Marshall v. Wayne, County of et al
Filing
54
OPINION AND ORDER granting defendant's summary judgment motion 49 and denying plaintiff's summary judgment motion 48 . Signed by District Judge Stephen J. Murphy, III. (TTho)
Case 2:19-cv-12515-SJM-SDD ECF No. 54, PageID.1228 Filed 05/10/22 Page 1 of 13
UNITED STATES DISTRICT COURT
EASTERN DISTRICT OF MICHIGAN
SOUTHERN DIVISION
JIMMY E. MARSHALL,
Case No. 2:19-cv-12515
Plaintiff,
HONORABLE STEPHEN J. MURPHY, III
v.
WAYNE COUNTY and WAYNE
COUNTY DEPARTMENT OF
PUBLIC SERVICES,
Defendants.
/
OPINION AND ORDER GRANTING
DEFENDANTS’ SUMMARY JUDGMENT MOTION [49]
AND DENYING PLAINTIFF’S SUMMARY JUDGMENT MOTION [48]

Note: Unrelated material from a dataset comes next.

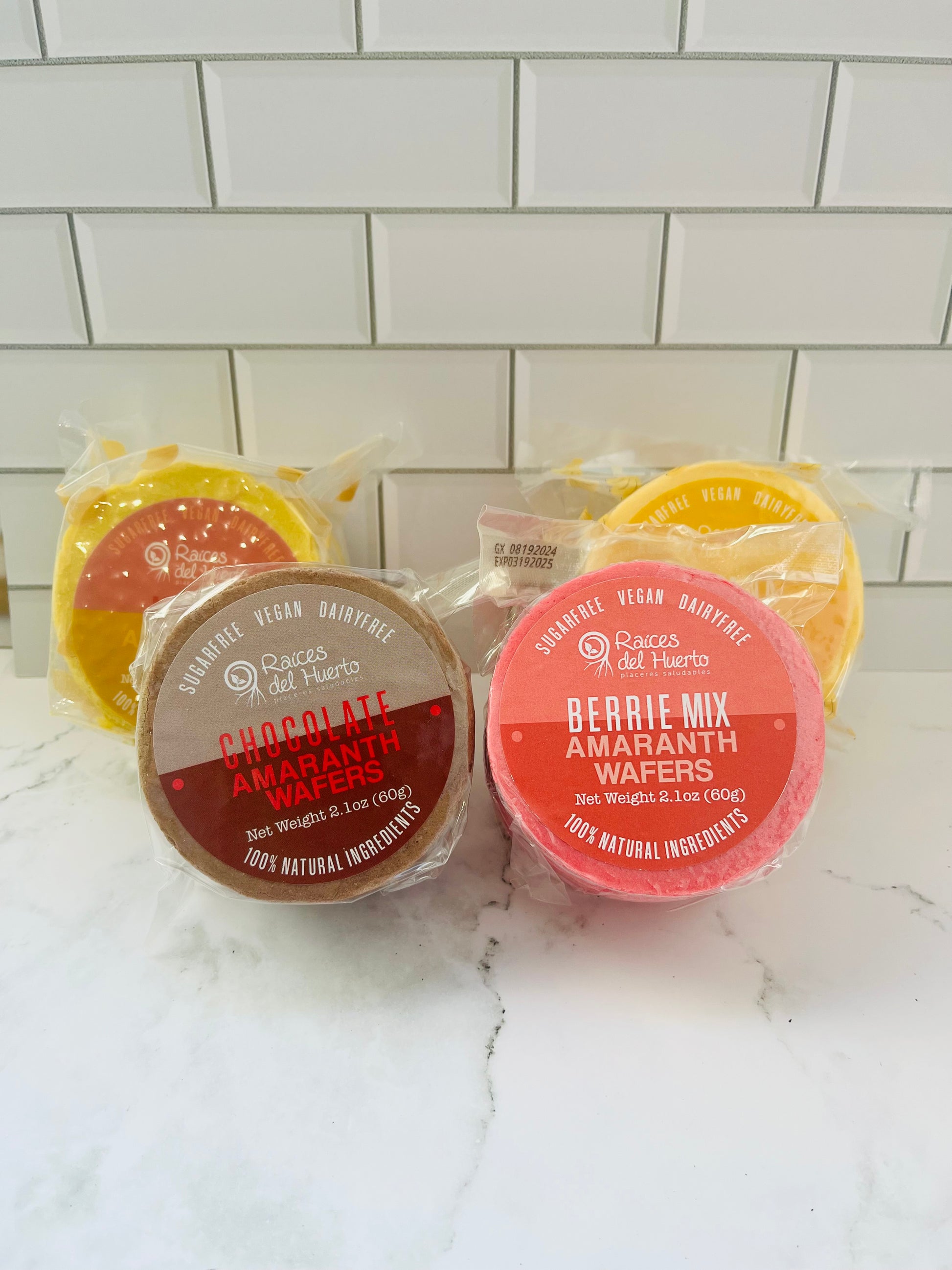 ¡Un snack saludable y delicioso para los más pequeños de la casa! Estas obleas están elaboradas con una mezcla de harina de amaranto, harina de avena y polvo de frutos rojos, plátano, cacao o mango. Creando un bocado lleno de nutrientes, sabor y energía. Endulzadas de manera natural con stevia, son una opción perfecta para disfrutar.

Only two claims remain in the case. ECF 40, PgID 646. Both claims relate to
Plaintiff Jimmy Marshall’s five-day suspension from employment. Id. The first claim
is against Defendant Duane Russow1 in his individual capacity under 42 U.S.C.
§ 1983 for due process and equal protection violations. Id. The second claim is a Title
VII disparate treatment claim against Wayne County. Id. The parties cross-moved
for summary judgment on the claims. ECF 48; 49.2 For the following reasons, the
Court will grant Defendants’ motion and deny Plaintiff’s motion.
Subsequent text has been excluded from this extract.